The result is a new vector containing the contextualized meaning — what was originally fund is now fund that grows.
Modern LLMs use multi-head attention heads—running self-attention in parallel 12-128 times depending on the model—with each head learning to focus on different types of relationships between tokens.
Feed-Forward
Feed forward adds weights and biases (learned in training) to the vector output from self-attention to apply richer and more abstract meaning.

- (xW₁ + b₁): Multiply the context-aware token vector x (from self-attention) by a learned matrix W₁ designed to elicit abstract meaning—allowing the model to discover deeper patterns (e.g., fund that grows → performance).
- Bias (b₁): Added to ensure a baseline. For example, if the fund that grows has only grown slightly, performance is still relevant, so let’s keep it.
- ReLU activation: ReLU activation function is applied to remove weak indicators and negative values such as ‘Bankruptcy’. E.g. ‘Bankruptcy’ is related to “fund that grows” but not likely relevant so let’s not muddy the waters with it.
- Final step (W₂ + b₂): Refines and compresses the new meaning back to the model’s original dimension so the token can move forward—now “smarter”—to the next layer.
Residual Connections and Normalization
After each major transformer step — Self-Attention and Feed-Forward — the model adds back the original information so nothing important gets lost during processing.

- Residual Connection : X+ F(x) adds the original token vector (e.g., “fund”) back to preserve its meaning.
- Normalization: LayerNorm normalizes the result by keeping token values consistent in scale and preventing any dimension from growing too large or too small.
The End Result from Transformer
- Original token vector: “fund”
- Context from self-attention: “fund that grows”
- Deeper interpretation from feed-forward: “growth → performance”
- Final hidden vector: “fund with growth implying performance”
The hidden (invisible to the user) vector is passed to the next transformer layer. After the final transformer layer, the hidden vector gets passed to the Output Head which converts it into a word prediction.
output head

The hidden vector h (the last token in the sequence) is multiplied by a learned matrix W to produce a raw score for every token in the vocabulary. SoftMax normalizes these scores into probabilities between 0 and 1. The highest-scoring token is selected, mapped from the vocabulary to text, and is either run through the model or returned to the user.
Why LLMs are Like the Human Brain
In your brain:
- A neuron receives inputs from other neurons through dendrites.
- It combines them as weighted sums of signals.
- It fires an output if the total signal is strong enough (activation).
In an LLM:
- The artificial neuron receives inputs (numbers, x).
- It multiplies each input by a weight and adds a bias (xW₁ + b₁).
- It applies a nonlinear activation function (ReLU).
- It outputs a new value (FFN(x)).

Each artificial “neuron” mimics the math of a biological one—combining, activating, and passing signals forward. Together, embedding layers, transformer blocks, and the Output Head form networks containing millions of artificial neurons working with trillions of parameters.
Why Do LLMs Work So Well?
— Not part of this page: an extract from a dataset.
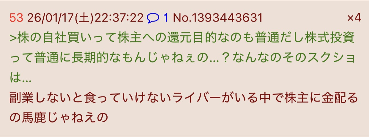 | … | 25526/03/22(日)22:27:29No.1413339653そうだねx6株式会社が株主に金配らなかったらそれはもう株式会社じゃないだろ… |

No one Knows for Sure
As MIT Technology Review noted in 2024, “for all its runaway success, nobody knows exactly how—or why—it works.”
The mechanics—embedding, attention, normalization are understood—but how scaling these simple formulas produces reasoning, abstraction, and understanding that far exceeds expectations—is not. Many now believe LLMs are more a discovery than an invention. Raising the question: How do we fully predict and govern LLMs if we don’t understand their most powerful and emergent behavior?